Aus dem letzten Gemeindebrief
der Filialgemeinde Passau
Die Osterbotschaft der Evangelien hat durch Goethes Faust eine lyrisch-dramatische Vergegenwärtigung erfahren:
- Dem in der Ohnmacht der Nacht scheiternden Faust – als Repräsentant eines Menschen der Gegenwart – tönen in seiner Verzweiflung die Glocken des Ostermorgens.

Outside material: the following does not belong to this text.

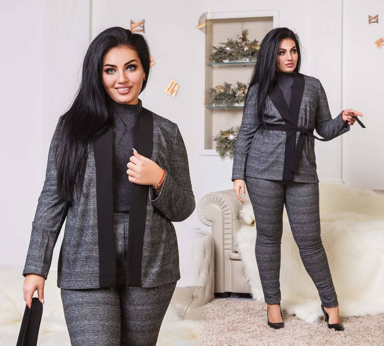 Трикотажное плетение прекрасно подходит для пошива комплекта с брюками. Трикотаж очень практичен, не нуждается в особом уходе, почти не мнется

Damit überwindet er den eigenen Seelentod (und Freitod) und vermag zu bekennen: „ ... die Träne quillt, die Erde hat mich wieder!“
Die Osterchöre künden ihm das dreifache: Christ ist erstanden!
Sie münden in das große:
„Christ ist erstanden,
Aus der Verwesung Schoß.
Reißet von Banden
Freudig euch los!
Tätig ihn preisenden,
Liebe beweisenden,
Brüderlich speisenden,
Predigend reisenden,
Wonne verheißenden
Euch ist der Meister nah,
Euch ist er da!“
Damit ist die Kraft des Ereignisses von Golgatha, seine Nähe und Gegenwart gültig beschrieben. Was vermögen wir davon weiterzutragen in unseren jetzigen Verhältnissen?